Problem requirements
Copy word for word the lines of the records below, beginning at the one with "1 октября митрополит" and finishing at the one with "11月16日,逐夢(mèng", ends included, but none of the pictures.

Data section
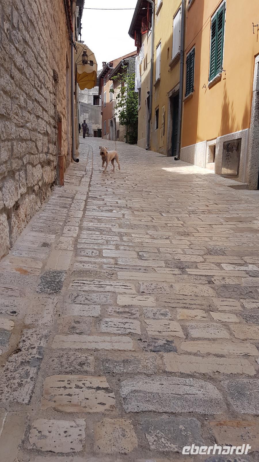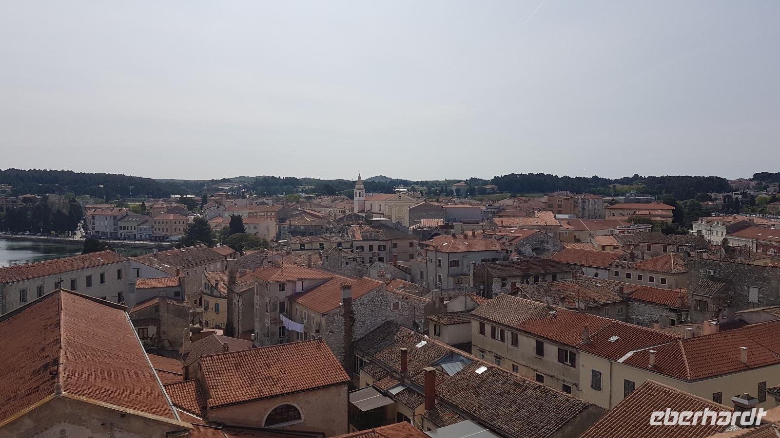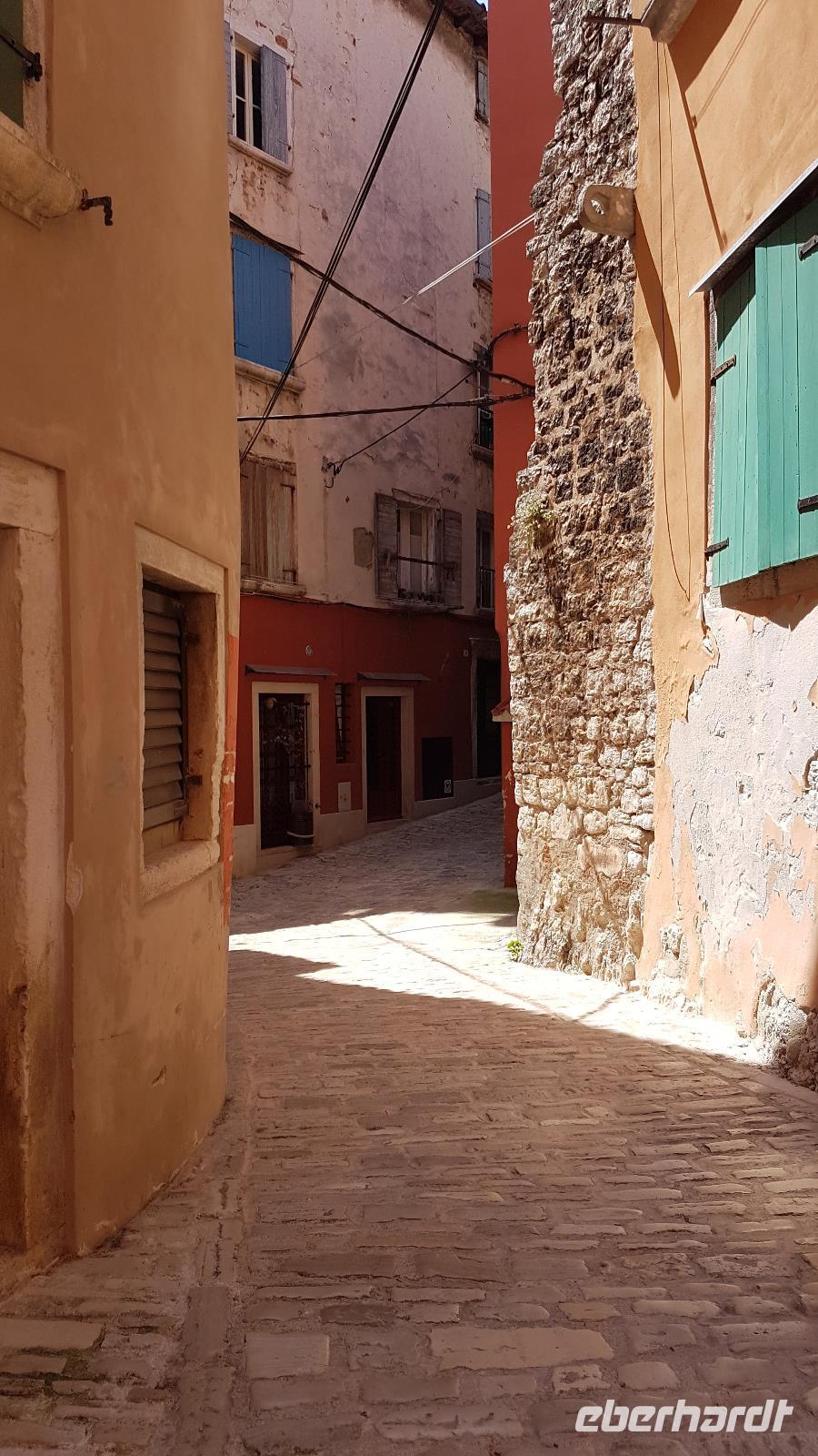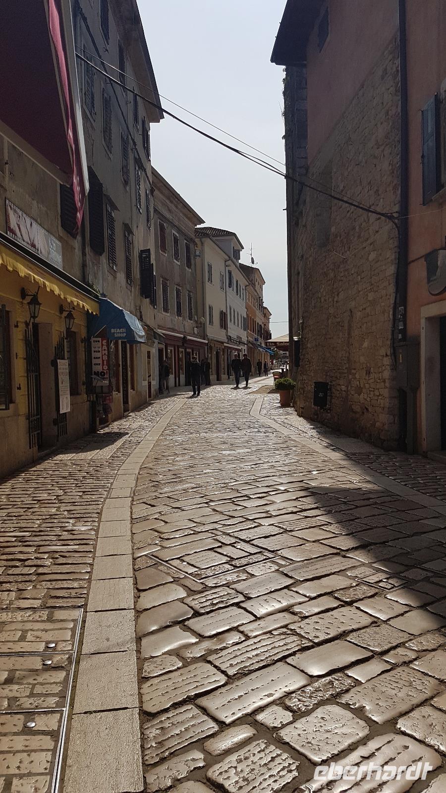 Für unseren freien Tag hat Velle für alle Interessierten eine Schifffahrt nach Rovinj organisiert. Ein Teil der Gäste hat sich für die Schifffahrt angemeldet, andere Teil fuhr lieber mit dem Bus nach Rovinj. Der größeren Busgruppe schloss ich mich an. An der Hotel-Rezeption erhielten wir einen Busfahrplan. Wir trafen uns nach dem gemeinsamen Frühstück um 9:00 Uhr in der Lobby des Hotels und liefen nach Porec, um die Bustickets zu kaufen. Da wir noch Zeit bis zur Abfahrt hatten, besichtigten wir erst noch die Euphrasius-Basilika. Diese Basilika wurde im 6. Jahrhundert errichtet. Vom Glockenturm aus hat man einen wunderbaren Blick in alle Richtungen. Die Busfahrt nach Rovinj dauerte eine knappe Stunde. Dort angekommen, kauften wir uns direkt das Ticket für die Rückfahrt und hatten dann rund vier Stunden Zeit für die Besichtigung dieses schönen Städtchens. Wir schlenderten durch die Gassen in Richtung der Kirche der Heiligen Euphemia. Diese Kirche wurde im 18. Jahrhundert errichtet und steht auf einem Hügel der Stadt. Wir besichtigten sie von innen, verzichteten jedoch auf den Turm-Aufstieg, da dieser eher schwierig zu bewältigen ist. Für den Weg zurück nahmen wir eine andere Gasse und schauten auch in das eine oder andere Geschäft hinein. In einem Café machten wir eine Verschnaufpause. Danach schauten wir uns noch ein wenig den Hafen an und gingen zurück zur Bushaltestelle, wo auch nach kurzer Zeit der Bus kam und uns nach Porec zurückbrachte. Beim gemeinsamen Abendessen trafen wir unsere Schiffsfahrer wieder, die uns von einem sehr schönen Ausflug berichteten und so konnten wir den Tag gemeinsam auswerten und uns austauschen.
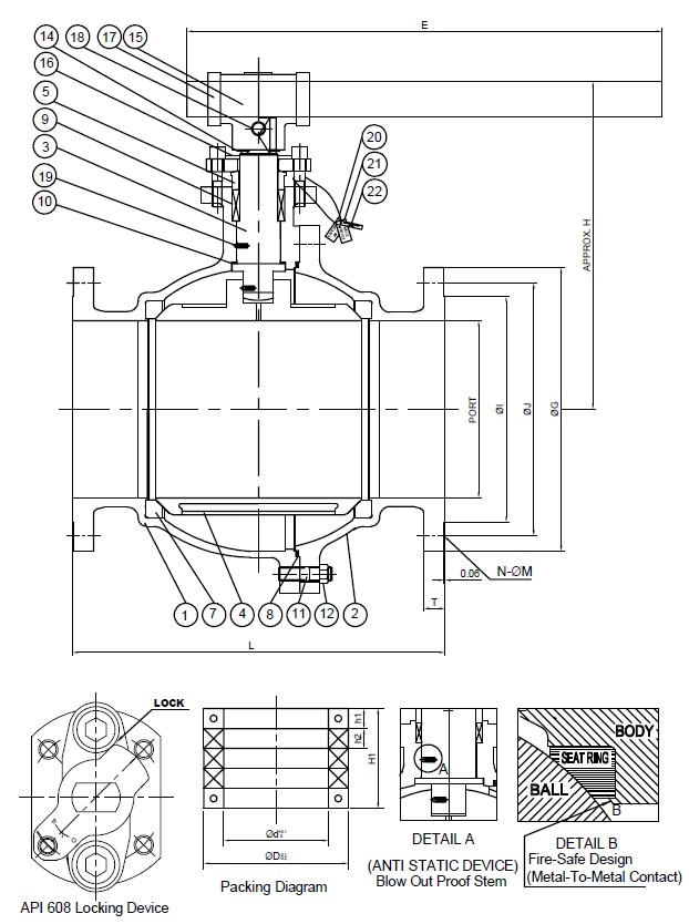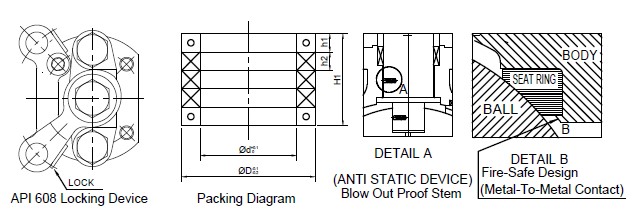 | Features | ABS Certified; ISO 5211 Mounting Pad; Anti-Static Device; Pressure Relief Vent on Ball; Lever & Worm Gear; HNBR O-Rings on All 600# Design | |
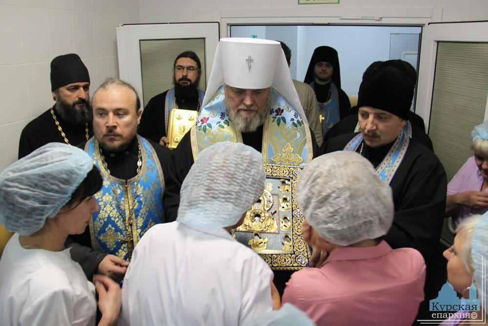 1 октября митрополит Курский и Рыльский Герман с чудотворной иконой Божией Матери «Знамение» Курской-Коренной, пребывающий в эти дни на курской земле, посетил Областную детскую клиническую больницу, онкологический диспансер и новый онкологический центр, а также перинатальный центр.
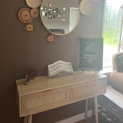 Add a retro inspired accent to your entryway with the stunning Baird console table. Made in China, the Baird is comprised of sturdy wood showcasing a light oak brown finish. Two drawers provide space to store keys and mail, while the wide tabletop offers room to display plants and decor. Requiring assembly, the console features woven rattan drawer faces and gold tone metal handles for eye catching style. A handy piece brimming with personality, the Baird console is sure to enhance any space.
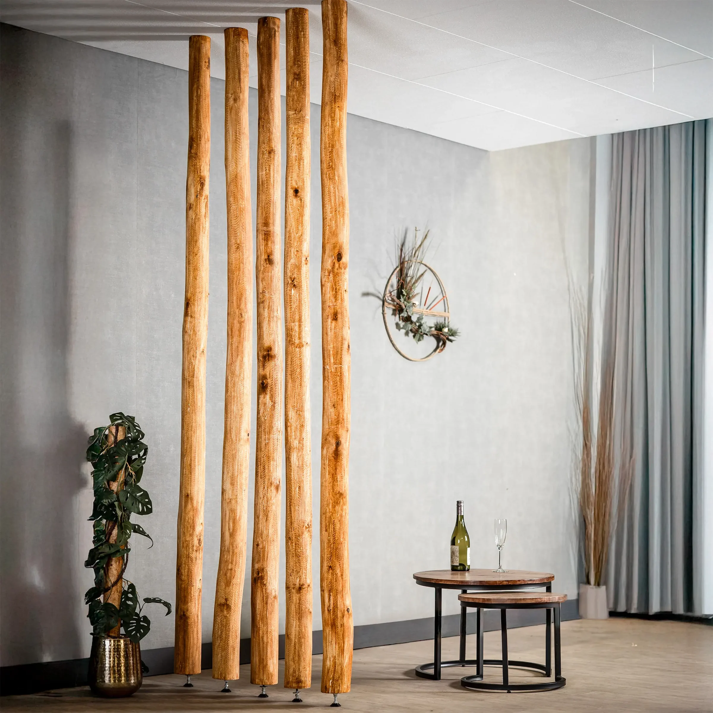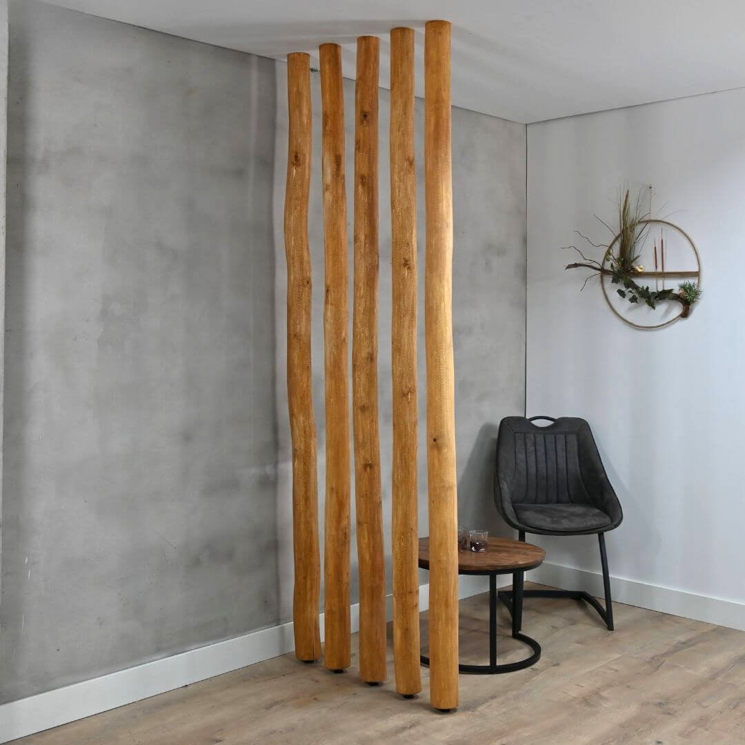 Dank der verstellbaren Stellschraube an der Unterseite lassen sich die Stämme fest zwischen Boden und Decke befestigen – ideal als Raumteiler, Wanddekoration oder Pflanzenstütze. Die Höhe ist verstellbar, sodass sie für fast jede Standarddeckenhöhe geeignet sind.
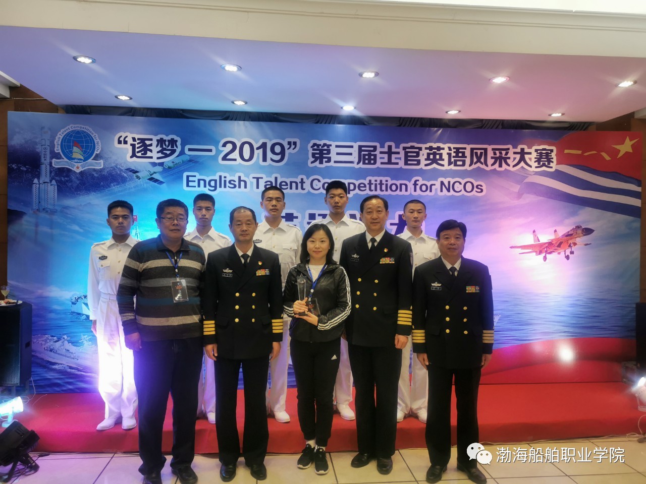 11月16日,逐夢(mèng)深藍(lán)—2019第三屆士官英語風(fēng)采大賽在安徽蚌埠海軍士官學(xué)校舉行,我院由士官生大隊(duì)大隊(duì)長(zhǎng)司衛(wèi)華擔(dān)任領(lǐng)隊(duì),基礎(chǔ)部郭欣擔(dān)任指導(dǎo)老師,2018300101班許中男、2018300101班鄭溢鵬、2018300101班胡泊、19S242班梁晨、19S241班劉凱文五名士官生組成的代表隊(duì)參加了大賽。經(jīng)過激烈角逐,我院代表隊(duì)榮獲團(tuán)體第四名、最佳英語秀銅獎(jiǎng),梁晨同學(xué)獲得單項(xiàng)第五名、“英語口語達(dá)人”銅獎(jiǎng),胡泊同學(xué)獲得單項(xiàng)第八名、“英語百科達(dá)人”銅獎(jiǎng)。
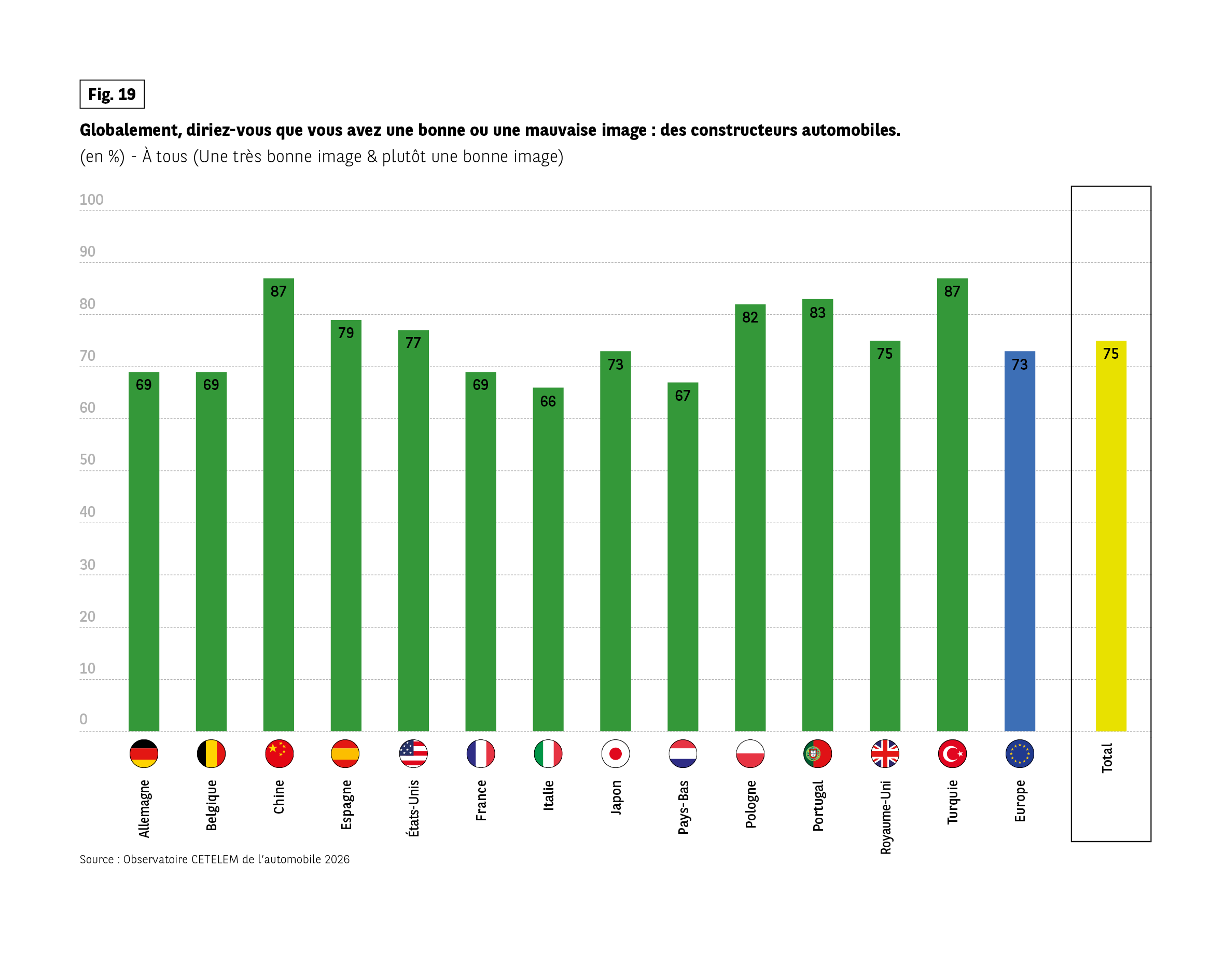 Nous avons vu précédemment que les voitures neuves faisaient l’unanimité ou presque ; les constructeurs recueillent dans une large proportion les mêmes louanges. 3 personnes interrogées sur 4 en ont une bonne ou une excellente image, (Fig. 19) leurs plus grands thuriféraires étant encore et toujours les Chinois et les Turcs (87 %).

Exercise result
 1 октября митрополит Курский и Рыльский Герман с чудотворной иконой Божией Матери «Знамение» Курской-Коренной, пребывающий в эти дни на курской земле, посетил Областную детскую клиническую больницу, онкологический диспансер и новый онкологический центр, а также перинатальный центр.
 Add a retro inspired accent to your entryway with the stunning Baird console table. Made in China, the Baird is comprised of sturdy wood showcasing a light oak brown finish. Two drawers provide space to store keys and mail, while the wide tabletop offers room to display plants and decor. Requiring assembly, the console features woven rattan drawer faces and gold tone metal handles for eye catching style. A handy piece brimming with personality, the Baird console is sure to enhance any space.
 Dank der verstellbaren Stellschraube an der Unterseite lassen sich die Stämme fest zwischen Boden und Decke befestigen – ideal als Raumteiler, Wanddekoration oder Pflanzenstütze. Die Höhe ist verstellbar, sodass sie für fast jede Standarddeckenhöhe geeignet sind.
 11月16日,逐夢(mèng)深藍(lán)—2019第三屆士官英語風(fēng)采大賽在安徽蚌埠海軍士官學(xué)校舉行,我院由士官生大隊(duì)大隊(duì)長(zhǎng)司衛(wèi)華擔(dān)任領(lǐng)隊(duì),基礎(chǔ)部郭欣擔(dān)任指導(dǎo)老師,2018300101班許中男、2018300101班鄭溢鵬、2018300101班胡泊、19S242班梁晨、19S241班劉凱文五名士官生組成的代表隊(duì)參加了大賽。經(jīng)過激烈角逐,我院代表隊(duì)榮獲團(tuán)體第四名、最佳英語秀銅獎(jiǎng),梁晨同學(xué)獲得單項(xiàng)第五名、“英語口語達(dá)人”銅獎(jiǎng),胡泊同學(xué)獲得單項(xiàng)第八名、“英語百科達(dá)人”銅獎(jiǎng)。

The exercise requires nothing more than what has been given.